**EXERCISE DIRECTIONS**. Whenever a picture appears in the listing below, leave it out, and copy exactly the lines from the one containing "根据中国政府采购网中标信息不" through the end.

**DATA IN THIS EXERCISE**.
━━━━━━━━━━━━━━━━━━━━━━━━━━━━━━
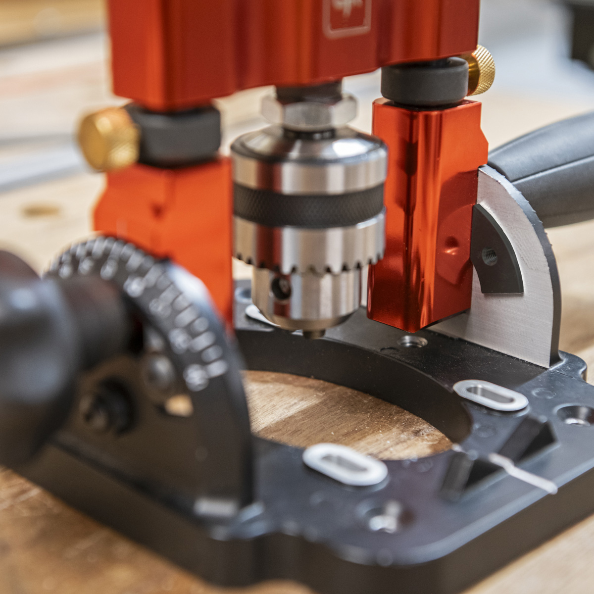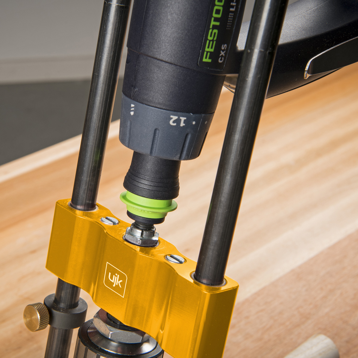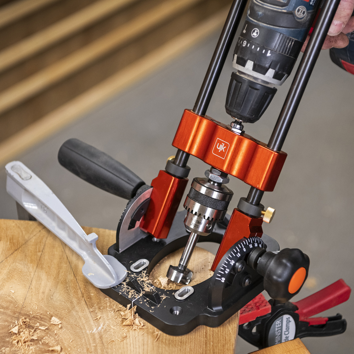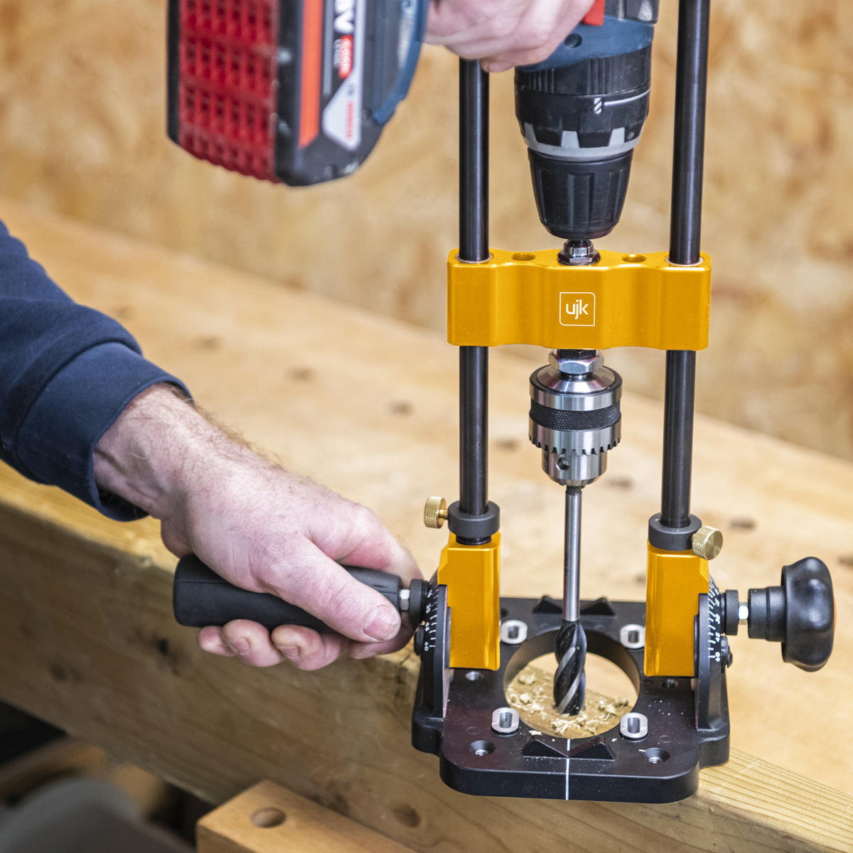With the UJK Drill Guide creates a compact, portable pillar drill. Using mains or cordless drill
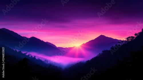 Fototapeta premium Vibrant sunrise over misty mountain valley with colorful sky and silhouetted...
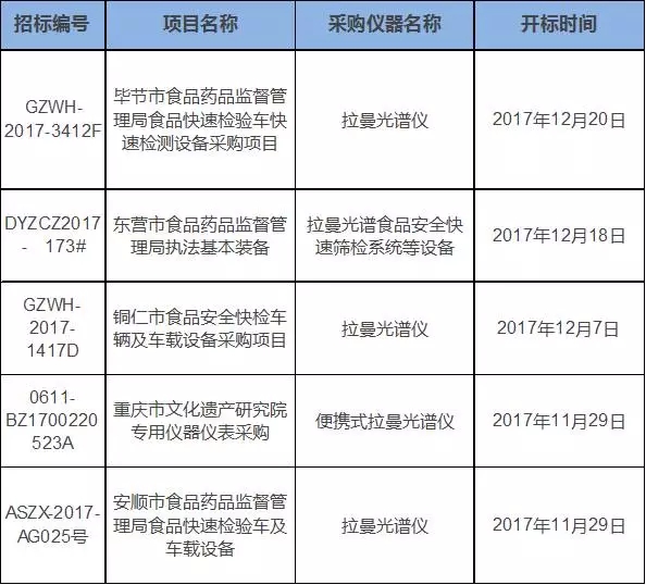 根据中国政府采购网中标信息不完全统计(以“拉曼”为关键词的中标搜索结果),截至目前(2017年11月28日),今年已经有数十个项目的中标信息中涉及到便携/手持拉曼光谱仪的采购。
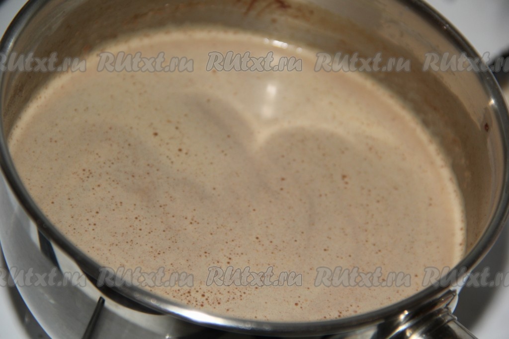 Довести массу до полного растворения кофе и шоколада (на это потребуется минут 5). Я непрерывно помешивала молоко. Снять сотейник с огня, остудить до комнатной температуры и поставить в холодильник до полного остывания (минут на 30, можно и на более длительное время).
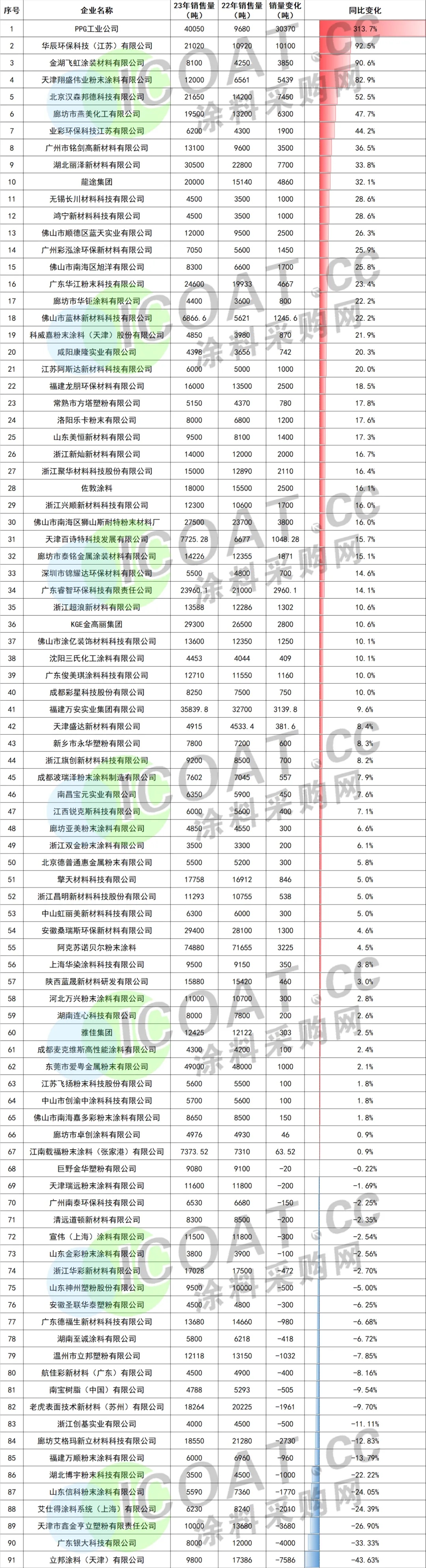 在上升榜中,排名首位的是PPG工業公司,這家在2022年銷量僅為9680噸的企業,2023年直接突破5位數,銷售量同比增長313.7%,原因是數據中包含了四川、浙江、廣東、湖北、安徽、山東等地的華佳工廠。
━━━━━━━━━━━━━━━━━━━━━━━━━━━━━━
**TASK OUTPUT**.
 根据中国政府采购网中标信息不完全统计(以“拉曼”为关键词的中标搜索结果),截至目前(2017年11月28日),今年已经有数十个项目的中标信息中涉及到便携/手持拉曼光谱仪的采购。
 Довести массу до полного растворения кофе и шоколада (на это потребуется минут 5). Я непрерывно помешивала молоко. Снять сотейник с огня, остудить до комнатной температуры и поставить в холодильник до полного остывания (минут на 30, можно и на более длительное время).
 在上升榜中,排名首位的是PPG工業公司,這家在2022年銷量僅為9680噸的企業,2023年直接突破5位數,銷售量同比增長313.7%,原因是數據中包含了四川、浙江、廣東、湖北、安徽、山東等地的華佳工廠。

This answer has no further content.